• _Information shown_:
####
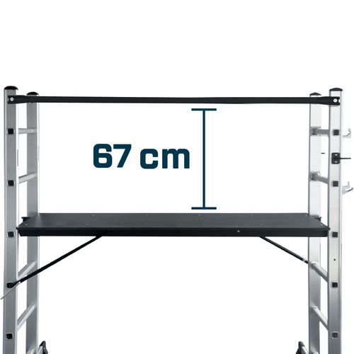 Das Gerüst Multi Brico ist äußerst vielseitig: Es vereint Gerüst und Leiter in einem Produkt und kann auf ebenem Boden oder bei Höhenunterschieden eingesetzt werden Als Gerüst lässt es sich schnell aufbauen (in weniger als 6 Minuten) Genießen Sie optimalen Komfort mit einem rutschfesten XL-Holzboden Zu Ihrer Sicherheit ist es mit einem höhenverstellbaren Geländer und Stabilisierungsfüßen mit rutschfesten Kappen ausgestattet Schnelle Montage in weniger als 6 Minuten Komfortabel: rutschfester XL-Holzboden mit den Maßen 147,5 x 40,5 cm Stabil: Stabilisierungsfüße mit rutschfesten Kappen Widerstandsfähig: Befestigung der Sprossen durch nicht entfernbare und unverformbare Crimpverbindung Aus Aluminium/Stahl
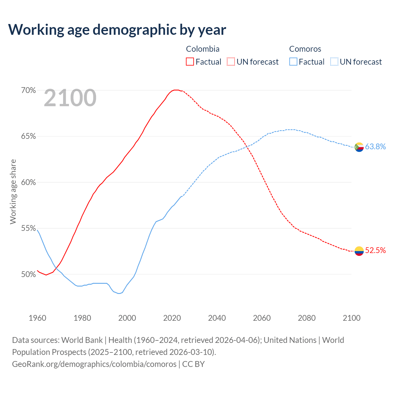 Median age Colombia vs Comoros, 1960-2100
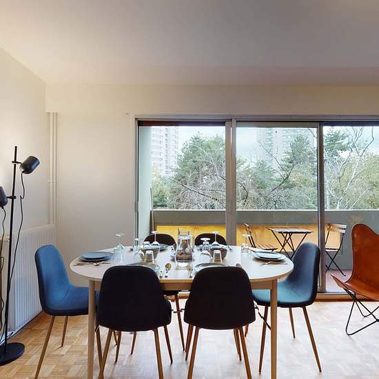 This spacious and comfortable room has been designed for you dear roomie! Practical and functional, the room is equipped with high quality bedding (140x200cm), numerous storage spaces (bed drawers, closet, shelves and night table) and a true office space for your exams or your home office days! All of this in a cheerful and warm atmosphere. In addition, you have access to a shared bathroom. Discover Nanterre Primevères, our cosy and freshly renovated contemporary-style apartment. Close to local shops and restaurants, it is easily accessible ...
####
• _Your task_: Would you reproduce the listing above exactly, without any of its images?

• _Answer to this problem_:
 Das Gerüst Multi Brico ist äußerst vielseitig: Es vereint Gerüst und Leiter in einem Produkt und kann auf ebenem Boden oder bei Höhenunterschieden eingesetzt werden Als Gerüst lässt es sich schnell aufbauen (in weniger als 6 Minuten) Genießen Sie optimalen Komfort mit einem rutschfesten XL-Holzboden Zu Ihrer Sicherheit ist es mit einem höhenverstellbaren Geländer und Stabilisierungsfüßen mit rutschfesten Kappen ausgestattet Schnelle Montage in weniger als 6 Minuten Komfortabel: rutschfester XL-Holzboden mit den Maßen 147,5 x 40,5 cm Stabil: Stabilisierungsfüße mit rutschfesten Kappen Widerstandsfähig: Befestigung der Sprossen durch nicht entfernbare und unverformbare Crimpverbindung Aus Aluminium/Stahl
 Median age Colombia vs Comoros, 1960-2100
 This spacious and comfortable room has been designed for you dear roomie! Practical and functional, the room is equipped with high quality bedding (140x200cm), numerous storage spaces (bed drawers, closet, shelves and night table) and a true office space for your exams or your home office days! All of this in a cheerful and warm atmosphere. In addition, you have access to a shared bathroom. Discover Nanterre Primevères, our cosy and freshly renovated contemporary-style apartment. Close to local shops and restaurants, it is easily accessible ...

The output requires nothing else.